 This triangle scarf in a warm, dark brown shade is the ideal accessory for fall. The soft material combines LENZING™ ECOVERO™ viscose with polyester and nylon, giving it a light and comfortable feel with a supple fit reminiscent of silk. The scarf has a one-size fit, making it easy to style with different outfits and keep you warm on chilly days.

◆ ◆ ◆ ◆ ◆ ◆ ◆

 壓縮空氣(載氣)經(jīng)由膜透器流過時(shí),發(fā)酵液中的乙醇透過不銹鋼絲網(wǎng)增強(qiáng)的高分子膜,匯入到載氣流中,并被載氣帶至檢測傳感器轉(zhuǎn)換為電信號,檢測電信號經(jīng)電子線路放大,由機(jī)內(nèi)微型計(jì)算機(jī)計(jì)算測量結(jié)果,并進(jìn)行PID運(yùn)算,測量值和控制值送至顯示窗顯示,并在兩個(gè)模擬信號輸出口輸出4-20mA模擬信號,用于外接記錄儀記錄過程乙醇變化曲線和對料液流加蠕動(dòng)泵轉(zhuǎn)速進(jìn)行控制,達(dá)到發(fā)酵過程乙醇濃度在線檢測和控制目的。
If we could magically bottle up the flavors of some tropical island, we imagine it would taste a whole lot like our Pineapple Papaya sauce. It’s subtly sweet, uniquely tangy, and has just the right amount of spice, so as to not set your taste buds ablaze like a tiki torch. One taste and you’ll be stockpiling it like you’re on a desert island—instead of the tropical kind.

◆ ◆ ◆ ◆ ◆ ◆ ◆

## Work required
Copy, exactly and only, the lines above that begin with the one containing "壓縮空氣(載氣)經(jīng" and finish with the one containing "If we could".

## Task output
 壓縮空氣(載氣)經(jīng)由膜透器流過時(shí),發(fā)酵液中的乙醇透過不銹鋼絲網(wǎng)增強(qiáng)的高分子膜,匯入到載氣流中,并被載氣帶至檢測傳感器轉(zhuǎn)換為電信號,檢測電信號經(jīng)電子線路放大,由機(jī)內(nèi)微型計(jì)算機(jī)計(jì)算測量結(jié)果,并進(jìn)行PID運(yùn)算,測量值和控制值送至顯示窗顯示,并在兩個(gè)模擬信號輸出口輸出4-20mA模擬信號,用于外接記錄儀記錄過程乙醇變化曲線和對料液流加蠕動(dòng)泵轉(zhuǎn)速進(jìn)行控制,達(dá)到發(fā)酵過程乙醇濃度在線檢測和控制目的。
If we could magically bottle up the flavors of some tropical island, we imagine it would taste a whole lot like our Pineapple Papaya sauce. It’s subtly sweet, uniquely tangy, and has just the right amount of spice, so as to not set your taste buds ablaze like a tiki torch. One taste and you’ll be stockpiling it like you’re on a desert island—instead of the tropical kind.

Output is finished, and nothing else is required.